Written by Helena Jackson

Rather famously, Abraham Lincoln‘s education was largely a result of his own endeavors. The sixteenth President of the United States had, at best, attended one year of formal schooling in his life, all of which happened by age fifteen. The rest of his learning could be credited to Lincoln borrowing books from family, friends, and neighbors.
Abraham Lincoln’s Beginnings
He began in 1816 by attending five schools across Kentucky and Indiana.
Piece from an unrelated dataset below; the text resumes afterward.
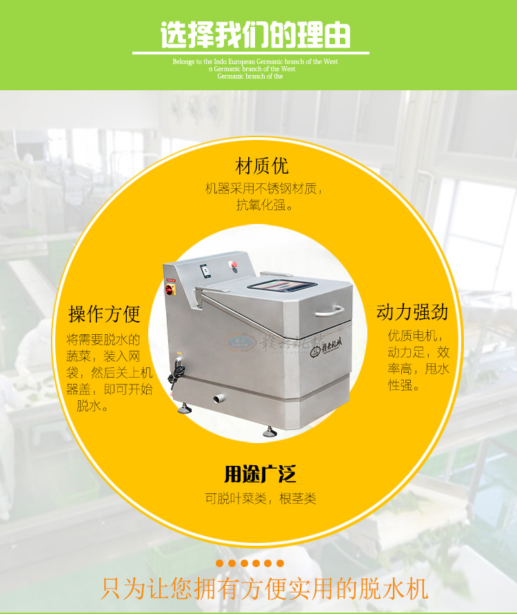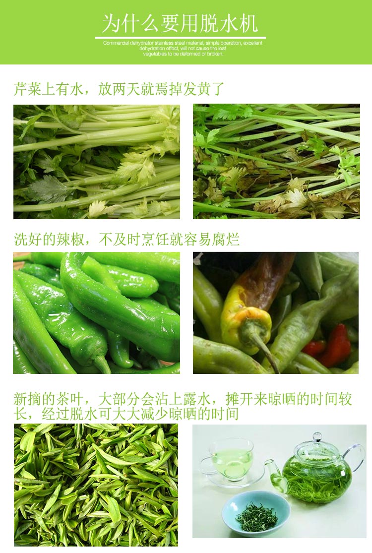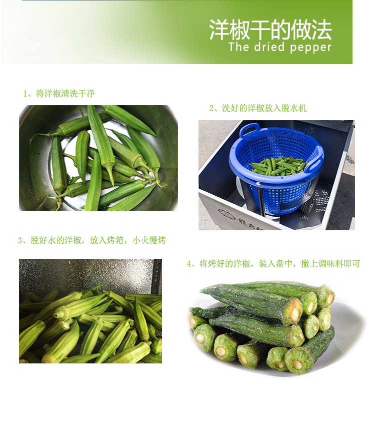 為什么要用脫水機呢?脫水機有什么用? 菜葉上有水,放兩天就焉掉發(fā)黃了,洗好的辣椒或水果,沒擦干就容易腐爛。大容量脫水機,蔬菜加工好幫手,甩水性強,動力足,效率高。將需要脫水的蔬菜,裝入網(wǎng)袋,然后關上機器蓋,即可開始脫水。可脫葉菜類,根莖類蔬菜。 洋椒干的做法 1、將洋椒洗干凈。 2、洗好的洋椒放入脫水機進行脫水 3、脫好水的洋椒,放入烤箱,小火慢烤 4、將烤好的洋椒,裝入盤中,撒上調(diào)味料即可。
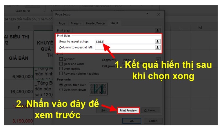 Bước 5: Dòng tiêu đề bạn đã lựa chọn sẽ được xuất hiện ở Rows to repeat at top. Bạn hãy nhấn vào Print Preview để xem trước.

Lincoln later appeared to resent the education he received there, stating in a letter to Jesse W. Fell that the teachers had no qualifications “beyond the “readin, writin, and cipherin” to the Rule of Three.” He insisted that this environment did “absolutely nothing to excite ambition for education,” and that the “…little advance [he had] upon this store of education, [he] picked up from time to time under the pressure of necessity.”
Abraham Lincoln’s Father’s Education
In an autobiography requested by John L. Scripps of the Chicago Press and Tribune, Lincoln would go on to state that his father “grew up literally without education,” never doing “more in the way of writing than to bunglingly write his own name.” It would not be unreasonable to assume this was one of the reasons Lincoln’s relationship with his father was so fraught.
Abraham Lincoln at University
Abraham Lincoln’s education also lacked a college or university of any kind. Despite the fact that he entered a career in law, there were few law universities west of Ohio. This left Lincoln to rely on shadowing and borrowing textbooks from licensed lawyers. Lincoln seemed light-hearted about this, though. Allegedly, he joked “at least I’ve been through college” as he was led through a university to debate with Stephen Douglas.
Abraham Lincoln’s Laws and Proposals for Education
It is speculated that these might have been some of the motivations behind Lincoln’s proposals. This includes his sponsoring of the 1825 Free School Law, his 1840 proposal that state-funded teachers must pass an examination, and his signing the Morrill Act into law in 1862, making industrial college more accessible in every state. Given these actions, it is clear Lincoln truly considered education “of vital importance.”